Era mi primer año de universidad. Me había ido a casa de vacaciones, y ya casi habían terminado. Adoraba la universidad, no obstante, la noche antes de irme, me acurruqué junto a mi madre, que estaba leyendo en la cama, y lloré porque no quería volver. Simplemente no me sentía como en casa todavía.
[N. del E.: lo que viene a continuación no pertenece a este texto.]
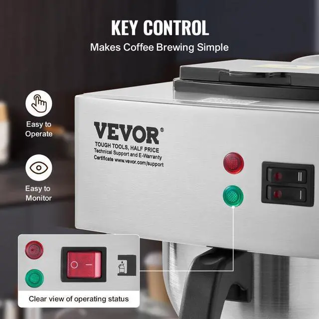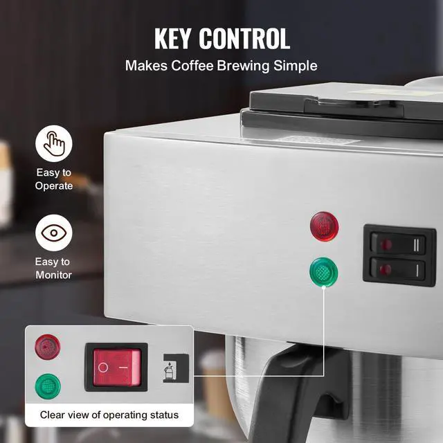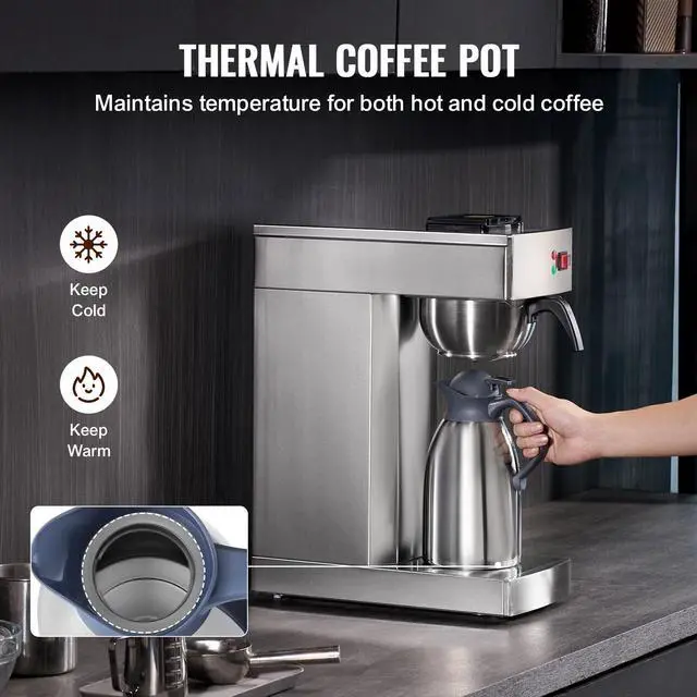 12 Cups Commercial Drip Coffee Maker with Thermal Carafe Restaurant Office Cafe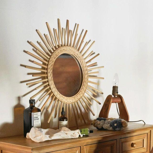■軽い素材のラタン天然素材の「ラタン」は何と言っても【軽い】のが特徴。取扱いがとってもラクなので、壁掛けに最適な素材。気軽に、好きな場所にラタンミラーを飾ってみてください。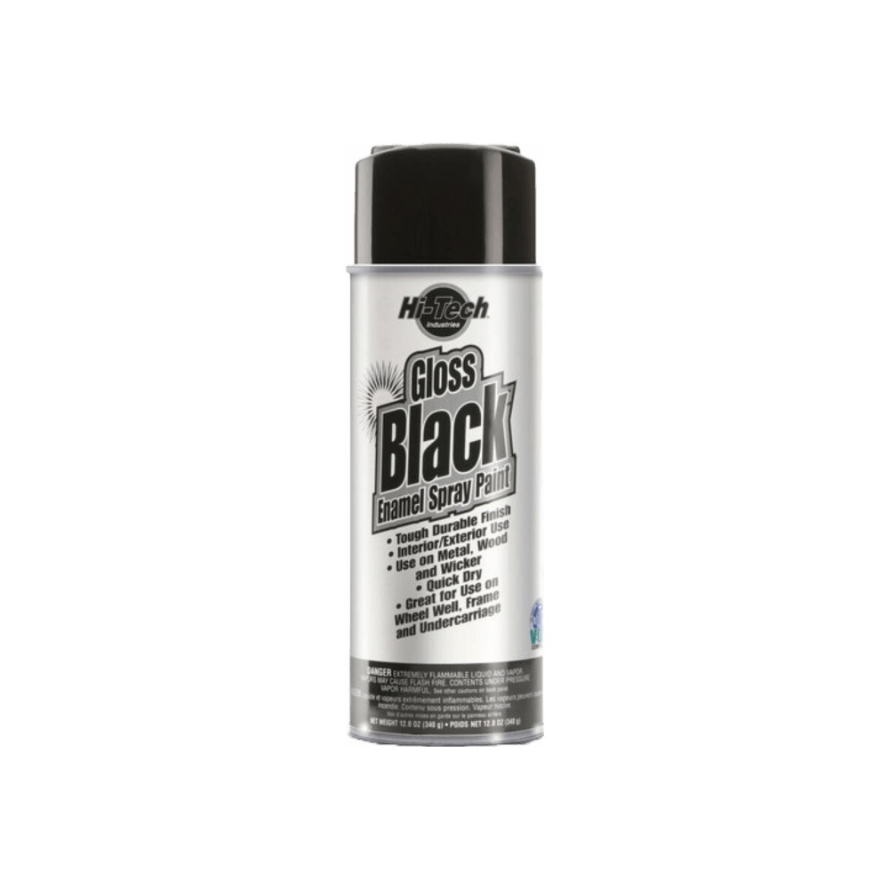 Hi-Tech Gloss Black Enamel Spray Paint is a premium paint that covers easily to provide a tough | durable finish. It can be used on most types of metal and wood. Specially formulated to dry quickly and smoothly. Heat resistant to 250 degrees F. Aerosol can net weight 12 oz. California / OTC VOC Compliant.

No lo sabía en ese momento, pero ese sentimiento era provocado por algo más profundo que pasar unos meses rodeada de personas y lugares desconocidos. También me había encontrado en nuevos entornos sociales, y estaba empezando a cuestionar por qué creía lo que creía como Científica Cristiana. ¿Beber alcohol? ¿Citas? ¿Quién era yo y qué pensaba realmente? En mi búsqueda por descubrir lo que creía y valoraba —en lugar de simplemente aceptar lo que otros me habían dicho que debía creer— comencé a experimentar con diferentes opciones.
La mayoría de la gente probablemente miraría lo que estaba haciendo y pensaría que era bastante dócil. Aun así, no me sentía yo misma. Ese sentimiento llegó a su punto máximo una noche de fin de semana, varias semanas después de las vacaciones, en que un grupo de amigos y yo tomamos el autobús para asistir a una fiesta de fraternidad en una universidad cercana. Parecía ser nuestra primera “verdadera” noche de universidad, y todos estaban emocionados de ir. Pero tan pronto como llegamos a la fiesta, entré en pánico. No podía fingir más; simplemente ese ambiente no era lo que a mí me gustaba. Me fui, junto con varios amigos, y regresé a nuestro campus sintiéndome estúpida y avergonzada. Al día siguiente, me desperté con una erupción alrededor del cuello.